O FABULOSO DESTINO DE AMÉLIE POULAIN

NOTA 9,0

Delicadeza e criatividade de
longa francês prova que o
cinema alternativo não é
apenas para intelectuais
Cinema europeu é chato e cabeça demais. Tal afirmação é muito comum, mas quem concorda com ela precisa rever seus conceitos e se abrir a novas experiências, como prova O Fabuloso Destino de Amélie Poulain, um título apreciado e elogiado por muitos, mas considerado desinteressante e cansativo por tantos outros, mas será que essas pessoas que criticam negativamente realmente assistiram a obra ou simplesmente estão passando adiante pensamentos obsoletos? Com certeza o fato de ser uma produção francesa barra uma grande parcela dos espectadores que devem estar impregnados da ideia de que o cinema francês é contemplativo demais e com foco em histórias dramáticas ou muito romanceadas.
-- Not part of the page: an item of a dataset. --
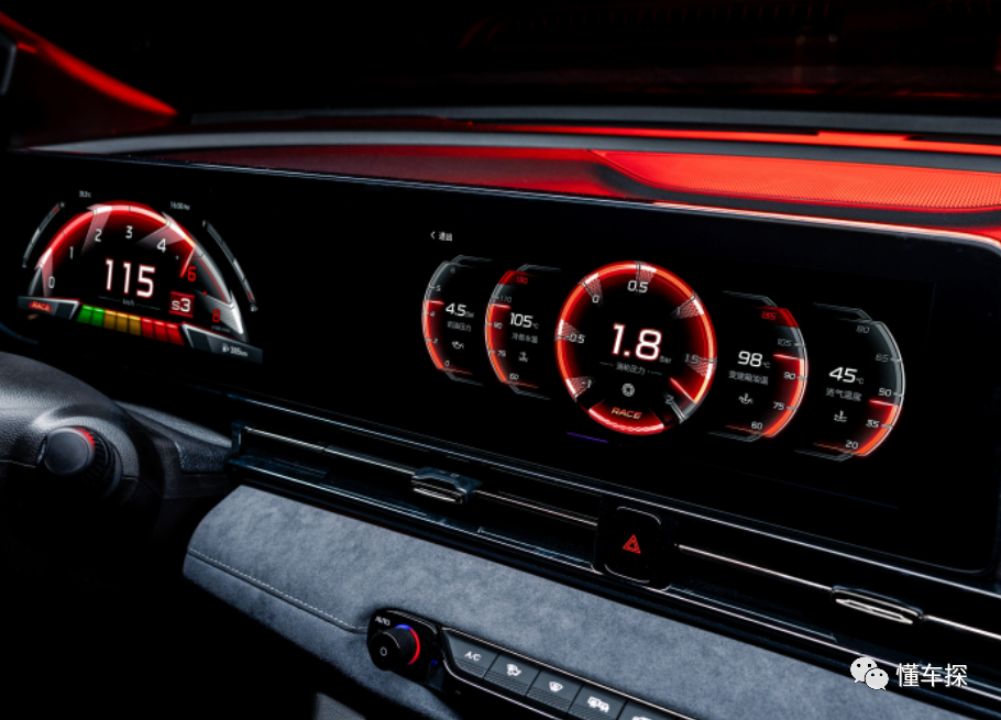 仪表和10.25英寸中控屏组成的液晶屏可以显示机油压力、涡轮压力、水温、进气温度、变速箱油压力等很多信息,并且车机功能也与其它售车型保持一致。

Bem realmente, estas são características da produção cinematográfica local, mas sempre é possível encontrar algo diferenciado dando uma garimpada. No caso desta produção assinada por Jean-Pierre Jeunet nem é preciso fazer muito esforço para encontrá-la já que foi um título muito premiado e cumpriu sua trajetória de sucesso até a festa do Oscar chegando lá com pinta de campeã, mas acabou levando um banho de água fria perdendo suas cinco indicações. Porém, a análise de resultados finais tanto de críticas quanto de bilheterias resultou em um banho do melhor champagne francês. Assistido na época por cerca de vinte milhões de pessoas, até hoje esta obra é uma das mais procuradas em locadoras e se tornou um marco cinematográfico devido a sua estética, linguagem e ritmo atípicos para a filmografia de um país cujas marcas registradas são as longas sequências focadas em olhares e gestos e um erotismo quase sempre presente nas narrativas. Amado e odiado nas mesmas proporções, o cinema francês não se firmou como uma indústria de fazer dinheiro, mas sim como um estilo de produzir cinema que gera bons e maus resultados, mas sem causar estardalhaços tampouco criando ícones pop, bem diferente da cinematografia americana que quer vender muito mais que os tickets das salas de exibição e imprime uma velocidade em suas produções que acaba atrapalhando muitas vezes a condução das histórias, além dos muitos efeitos e tecnologias serem empregados para escamotear furos e ausências.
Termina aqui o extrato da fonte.